6.14.2016

A Dangerous Place (1994)

PLOT: A teenage martial artist is thrown into a world of theft and risky behavior while investigating the death of his older brother. Will he find out the truth? And what sorts of cool swag will he accumulate in the process?

Director: Jerry P. Jacobs
Writer: Sean Dash
Cast: Ted Jan Roberts, Corey Feldman, Marshall Teague, William James Jones, Erin Gray, Mako, Dean Cochran, Jason Majik, Erin Gray




PLOT THICKENER

The 1984 film The Karate Kid had a lot going for it. Pat Morita was nominated for an Academy Award for his performance as Mr. Miyagi. It featured a charming teenage protagonist with tangible, relatable problems. It set the blueprint for high school gangs of martial arts meatheads. But you know what The Karate Kid movie was missing? A murder subplot! That’s the dropped ball that director Jerry P. Jacobs tried to pick up with 1994’s A Dangerous Place. That ball is covered in blood and pomade from Corey Feldman’s pompador.

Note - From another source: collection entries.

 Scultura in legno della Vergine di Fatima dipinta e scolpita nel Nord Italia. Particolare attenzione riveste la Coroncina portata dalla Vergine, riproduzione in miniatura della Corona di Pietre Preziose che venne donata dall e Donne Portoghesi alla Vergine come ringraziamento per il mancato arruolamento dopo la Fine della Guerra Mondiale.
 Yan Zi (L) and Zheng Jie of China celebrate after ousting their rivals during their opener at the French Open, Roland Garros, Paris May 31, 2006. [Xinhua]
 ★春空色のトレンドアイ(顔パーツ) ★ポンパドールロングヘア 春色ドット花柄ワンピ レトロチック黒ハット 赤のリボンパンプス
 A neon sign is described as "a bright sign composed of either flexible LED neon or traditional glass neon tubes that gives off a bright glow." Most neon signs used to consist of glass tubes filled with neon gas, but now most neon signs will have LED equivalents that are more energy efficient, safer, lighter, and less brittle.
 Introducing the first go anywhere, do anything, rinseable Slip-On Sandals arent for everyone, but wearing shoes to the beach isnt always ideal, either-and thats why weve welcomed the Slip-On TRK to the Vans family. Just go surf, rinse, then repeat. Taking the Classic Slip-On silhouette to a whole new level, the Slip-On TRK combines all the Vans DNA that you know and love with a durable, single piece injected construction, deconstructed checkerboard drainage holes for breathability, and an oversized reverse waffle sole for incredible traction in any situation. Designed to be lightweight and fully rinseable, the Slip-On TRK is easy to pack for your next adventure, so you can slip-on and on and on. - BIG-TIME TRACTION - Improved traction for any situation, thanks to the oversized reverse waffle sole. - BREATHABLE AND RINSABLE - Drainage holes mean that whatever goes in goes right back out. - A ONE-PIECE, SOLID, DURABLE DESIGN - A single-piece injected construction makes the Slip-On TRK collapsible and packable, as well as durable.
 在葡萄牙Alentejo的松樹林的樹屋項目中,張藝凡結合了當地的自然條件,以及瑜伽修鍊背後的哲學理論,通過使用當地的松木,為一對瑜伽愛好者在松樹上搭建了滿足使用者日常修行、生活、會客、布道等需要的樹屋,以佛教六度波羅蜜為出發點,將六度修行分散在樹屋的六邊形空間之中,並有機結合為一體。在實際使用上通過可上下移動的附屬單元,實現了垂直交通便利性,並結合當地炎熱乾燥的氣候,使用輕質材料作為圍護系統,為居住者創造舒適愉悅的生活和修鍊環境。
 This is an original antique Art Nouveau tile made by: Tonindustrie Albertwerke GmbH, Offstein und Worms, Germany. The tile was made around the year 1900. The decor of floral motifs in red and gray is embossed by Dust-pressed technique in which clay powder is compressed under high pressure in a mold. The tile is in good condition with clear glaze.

Ethan (Roberts) and Greg (Cochran) are two teenage brothers living with their single mom, Audrey (Gray). One might expect the younger Ethan to be the troublemaker when, in fact, it’s Greg who finds himself hanging out with the wrong crowd. As of late, he’s been skipping karate class at the Lions dojo to hang out with the Scorpions gang, a group of suburban karate street toughs led by Taylor (Feldman). The crew goes on joy rides during random weeknights, stealing cars, dirt bikes, electronics, and whatever else catches their eyes -- they run wild with impunity and look cool doing it. (“How come all the best looking girls in school hang out with the Scorpions?") Because they have dirt bikes and nice televisions. Duh!


While Greg hangs with them socially and has represented them in illicit sunset beach fights, he’s not quite a “made” member of the group. After coaxing him into a night-time domestic burglary, the Scorpions turn on Greg when he has a crisis of conscience mid-act. During a physical struggle, Greg gets maced, falls down a flight of stairs, and dies accidentally. How do Taylor and his impressionable friends with behavioral problems respond? If you answered, “they report the accident and serve their time,” you win a prize! The prize is immaculately wrapped and decorated with ribbons. You tear the wrapping paper off to reveal a gift box. The box contains a framed picture of Greg’s prone body hanging from the basketball net at the high school gymnasium. Yep -- these pricks staged his death to look like a suicide. Enjoy your prize, by the way.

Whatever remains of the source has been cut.